THE EMBODIMENTS OF THE INVENTION IN WHICH AN EXCLUSIVE
PROPERTY OR PRIVILEGE IS CLAIMED ARE DEFINED AS FOLLOWS:

1. A low-pressure mercury vapour discharge lamp having a discharge vessel in which is located a container having an opening into the discharge vessel, the con-tainer containing a mercury amalgam for controlling the mercury vapour pressure in the discharge vessel, char-acterized in that the amalgam is secured to the inner surface of the wall of the container.

2. A low-pressure mercury vapour discharge lamp as claimed in Claim 1, characterized in that the con-tainer comprises a sheet metal plate formed to provide a receptacle in which the amalgam is present and a cover plate which closes the receptacle except for a slit of not more than 0.2 mm wide between the cover plate and receptacle.

3. A low-pressure mercury vapour discharge lamp as claimed in Claim 2, characterized in that the inner surface of the receptacle is provided with a nickel layer of approximately 3 micron thick and the inner surface of the cover plate is provided with an amalgam-repulsing layer.

4. A low-pressure mercury vapour discharge lamp as claimed in Claim 2 or 3, characterized in that the cover plate forms a capsule for metallic mercury.

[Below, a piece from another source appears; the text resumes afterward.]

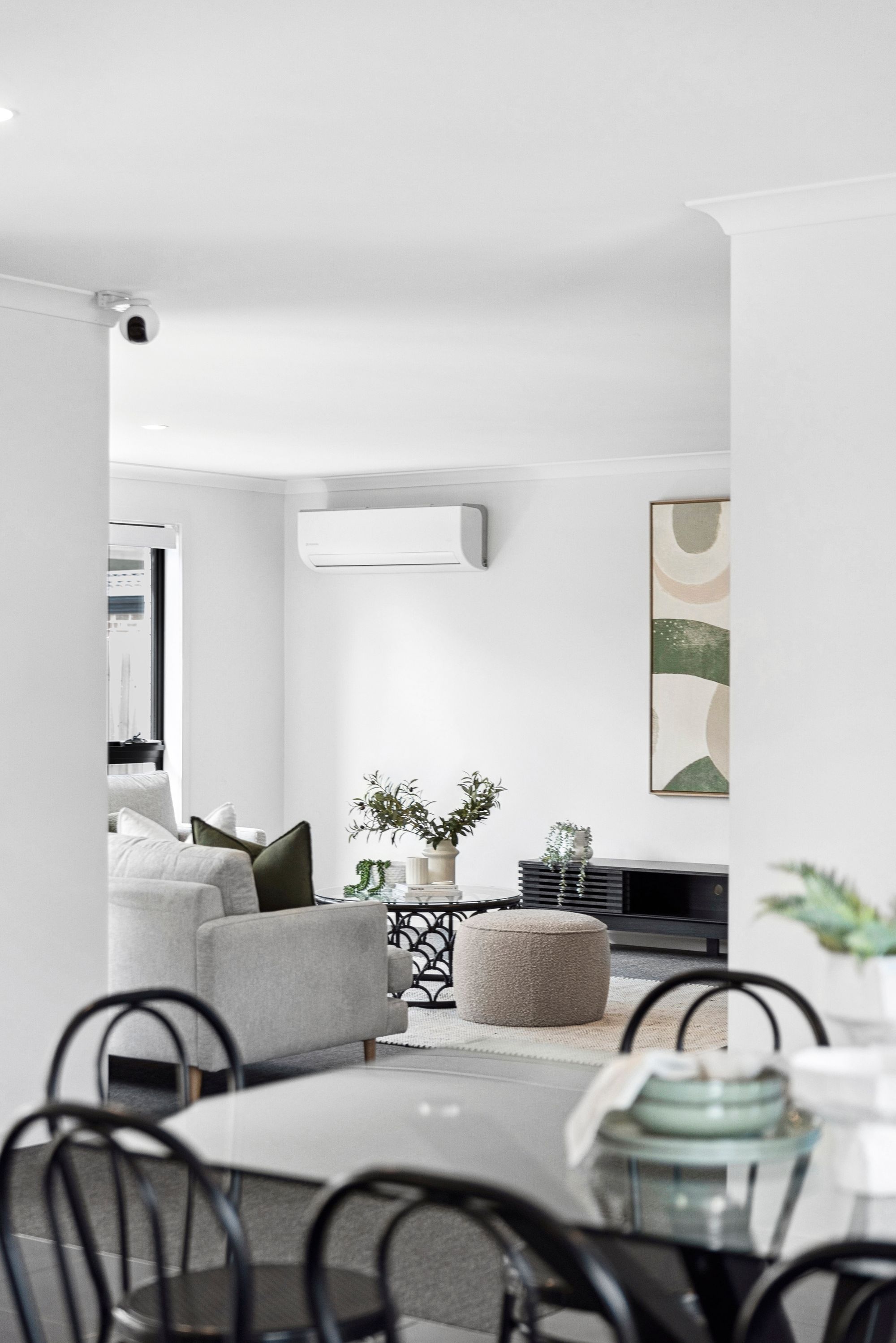 Living- open plan adjoining living/ dining/ kitchen, ducted heating, carpet flooring, split system heating & cooling, roller blinds, sliding glass doors through outdoor alfresco, downlights.

5. A low-pressure mercury vapour discharge lamp as claimed in Claim 1, 2 or 3, characterized in that the container is located at a distance of 10 to 20 mm from an electrode and is fastened to one end of a supporting wire the other end of which is secured in the foot of the stem which carries said electrode and is electrically insulated from the electrode leads.